VATICAN CITY — The body of Pope John Paul II, his face placid, his pale hands clutching rosary beads, went on televised display Sunday as the Vatican began the long goodbye of a ritual-filled interregnum that will end with the election of his successor.
Fifteen hours after the pope's death, images from his private wake in the Apostolic Palace flashed around the world from Vatican cameras. Outside, a requiem Mass drew 100,000 worshipers to St. Peter's Square, where 2 million pilgrims are expected to converge for the Roman Catholic leader's public wake and funeral this week.
"He died with the serenity of the saints," Cardinal Angelo Sodano said in his homily at the Mass, recalling his final visit to the 84-year-old John Paul's deathbed in the papal apartment.

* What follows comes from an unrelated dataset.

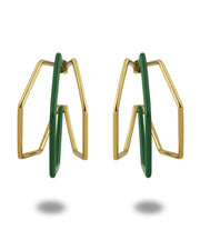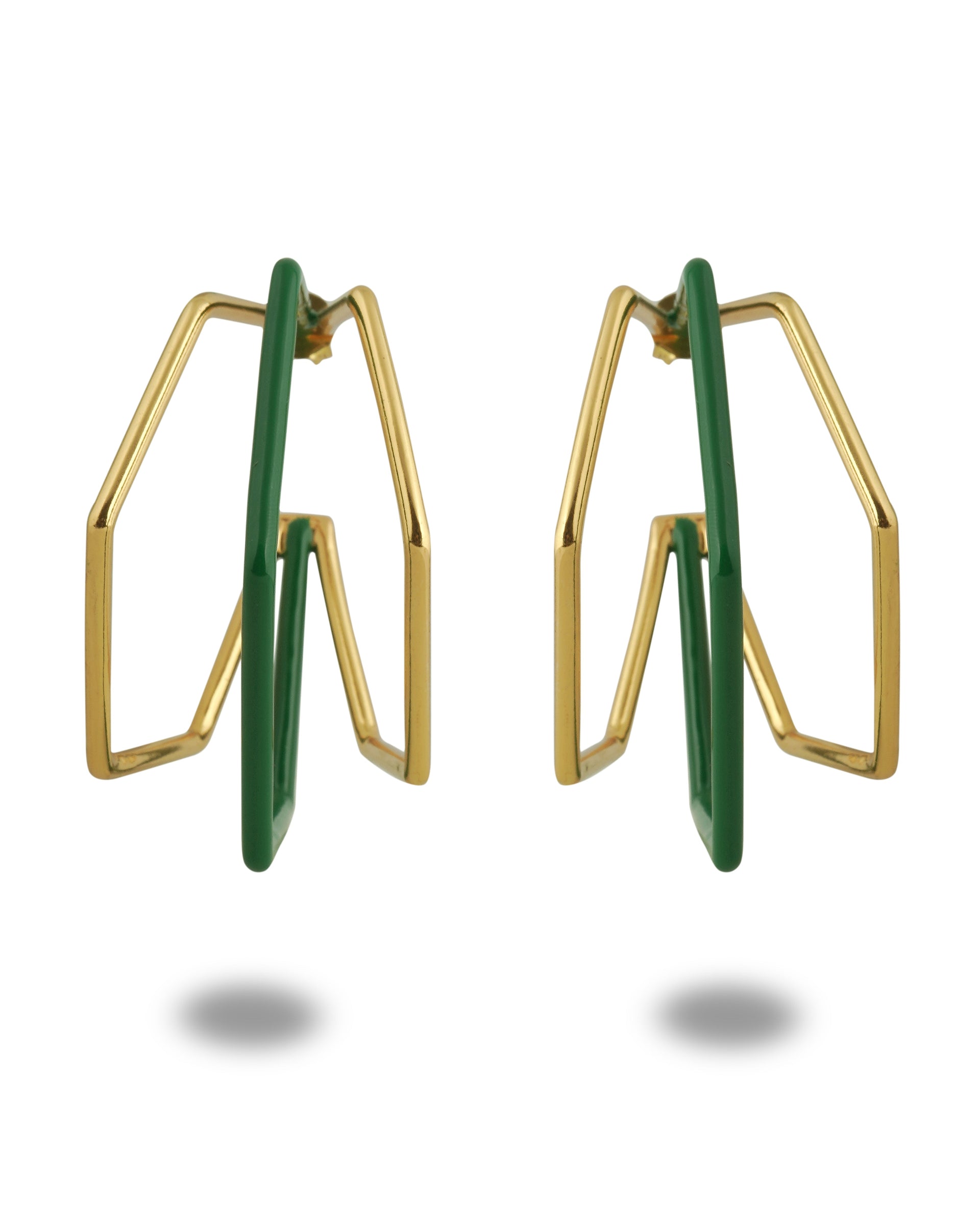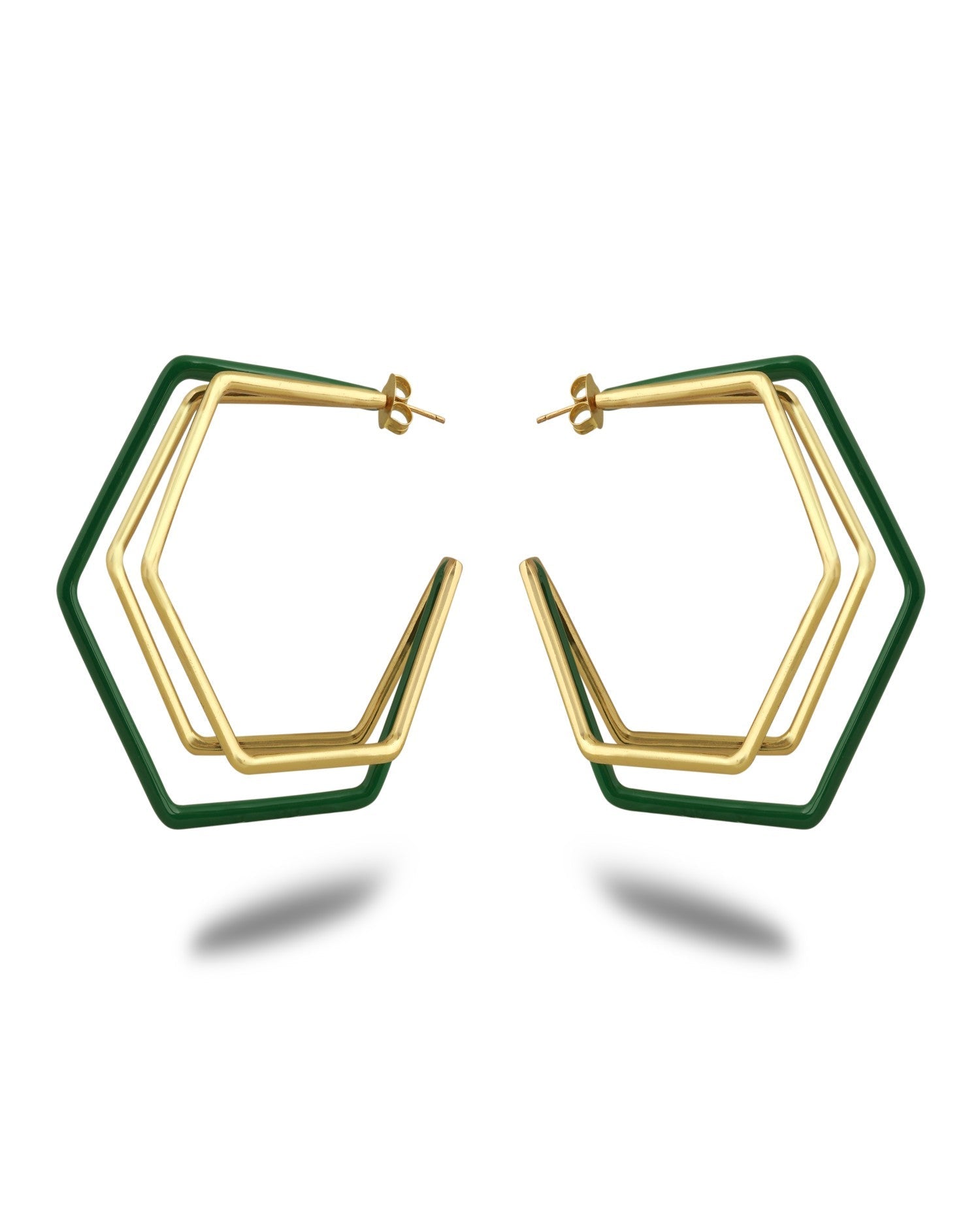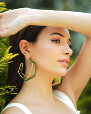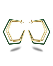 Elevate your style with these striking geometric hoop earrings, where modern elegance meets bold design. Featuring interlocking hexagonal shapes in rich gold and deep green, these earrings make a statement with their unique structure and vibrant contrast. Perfect for both daytime charm and evening sophistication, they add a touch of contemporary luxury to any look. Lightweight yet eye-catching, they’re the ultimate accessory for the fashion-forward woman.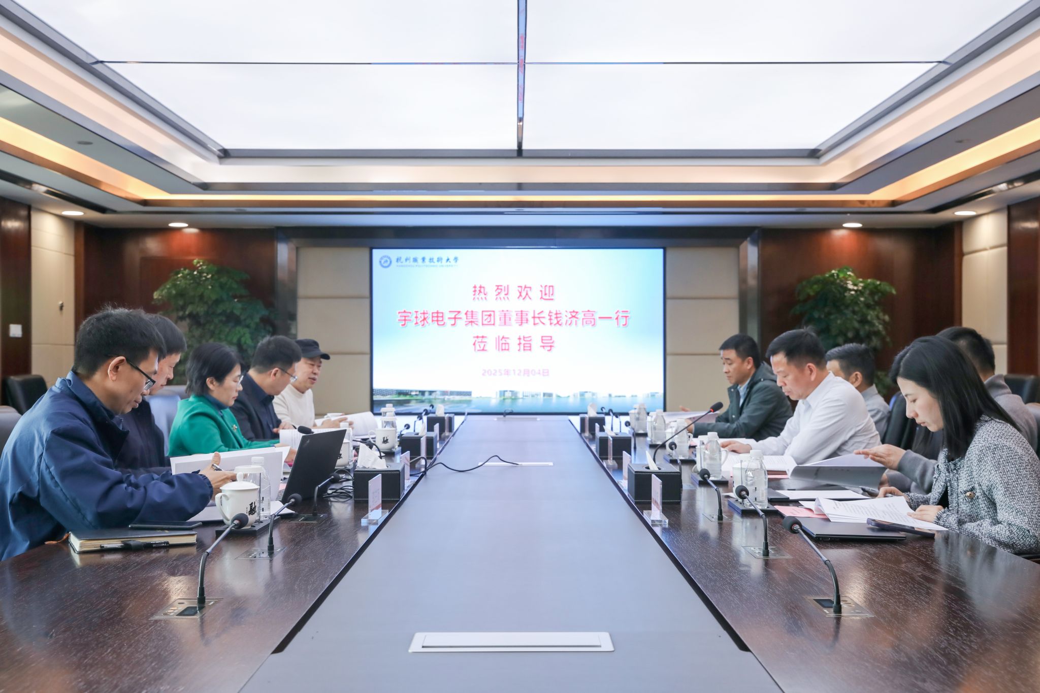 12月4日,东莞宇球电子股份有限公司董事长钱济高率核心团队一行来校开展合作交流,双方就共建“杭职大宇球智能车联研究院”进行深入研讨,公司党委委员、副董事长邓劲莲,广东宇球智能车联科技有限公司总经理徐洋,副总经理施旭晨、翁微妮、章林出席座谈会。

The crowd applauded and some fought back tears when Archbishop Leonardo Sandri read a posthumous appeal he said the pope had prepared -- perhaps one of the last written messages of John Paul's 26-year reign.
"To humanity, which sometimes seems lost and dominated by the power of evil, egoism and fear, the risen Lord offers as a gift his love that pardons, reconciles and reopens the soul to hope," it said.
The Vatican released a report Sunday by the pope's personal physician stating that John Paul had died of septic shock and irreversible cardio-circulatory collapse. It also said he had suffered from Parkinson's disease, acute breathing problems, heart disease and a benign enlarged prostate complicated by a urinary infection.
Dr. Renato Buzzonetti said he pronounced John Paul dead Saturday night after more than 20 minutes of tests with electrocardiograph equipment.
The prompt release of the report and decision to televise the private wake characterized a pope attuned to the needs of round-the-clock television news programs and the Internet, both born on his watch.
His death had been announced by e-mail from papal spokesman Joaquin Navarro-Valls to news organizations 15 minutes after the doctor certified it.
"Normally you don't see the pope's body until he is laid out in state in St. Peter's for everyone to see," said Father Thomas Reese, a Vatican specialist and New York-based editor of the Jesuit magazine America. "Even in death, John Paul was a pope open to the most modern media coverage."
The College of Cardinals is expected to approve a tentative plan to send the pope's body to St. Peter's Basilica for public viewing starting this afternoon.